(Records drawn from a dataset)
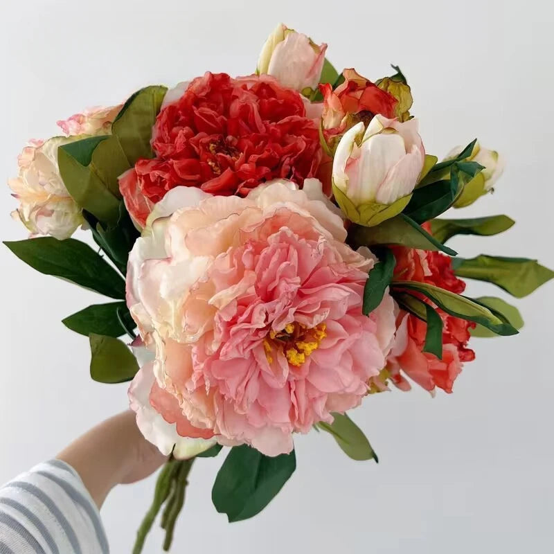 Lyxig Konstgjord Pionbukett – Retro Stil – 49 cm – För Hem & Festdekoration
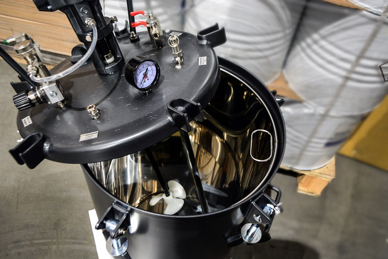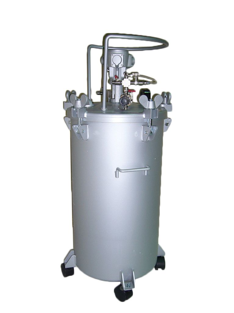 Предназначен для подачи готового, тщательно перемешенного лакокрасочного материала к краскораспылителям при производстве окрасочных работ, а также для перемешивания находящегося в нем ЛКМ. Бак укомплектован автоматическими пневмомешалками, проводом заземления, усиленными колесами, двойным шлангом для распылителя 5м с фитингами, вставной емкостью из нержавеющей стали, предохранительным клапаном.
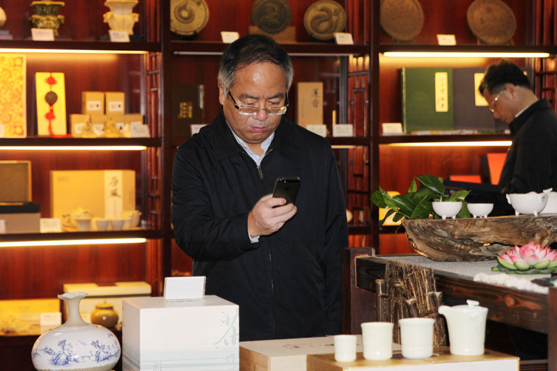 客人们称赞陶源茗产品的创意,询问公司的发展状况并在展台前拍照纪念。
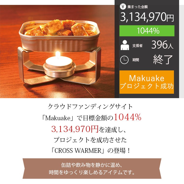 | 缶詰や飲み物を静かに温める“CROSS WARMER” CROSS WARMERは缶詰や飲み物を静かに温め、時間をゆっくり楽しめるアイテムです。 いつも通りの日常とはちょっと違う過ごし方、してみませんか。 |
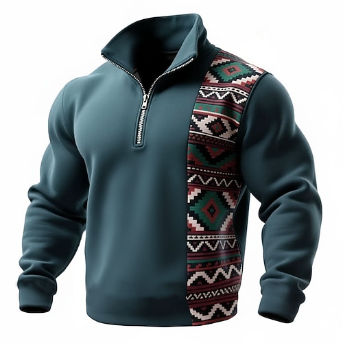 Per uomo Geometrico Felpa con cappuccio Waffle Felpa Moda Quotidiano Etnico Manica Lunga Collo alla coreana Zip a un quarto All'aperto Casa Ufficio Lavoro Bianco Rosso Blu Marrone Con zip Autunno

[Action item] If a picture appears among the records, leave it out, and otherwise reproduce exactly every line from the first line through the one with "Предназначен для подачи", both included.

[Solution below]
 Lyxig Konstgjord Pionbukett – Retro Stil – 49 cm – För Hem & Festdekoration
 Предназначен для подачи готового, тщательно перемешенного лакокрасочного материала к краскораспылителям при производстве окрасочных работ, а также для перемешивания находящегося в нем ЛКМ. Бак укомплектован автоматическими пневмомешалками, проводом заземления, усиленными колесами, двойным шлангом для распылителя 5м с фитингами, вставной емкостью из нержавеющей стали, предохранительным клапаном.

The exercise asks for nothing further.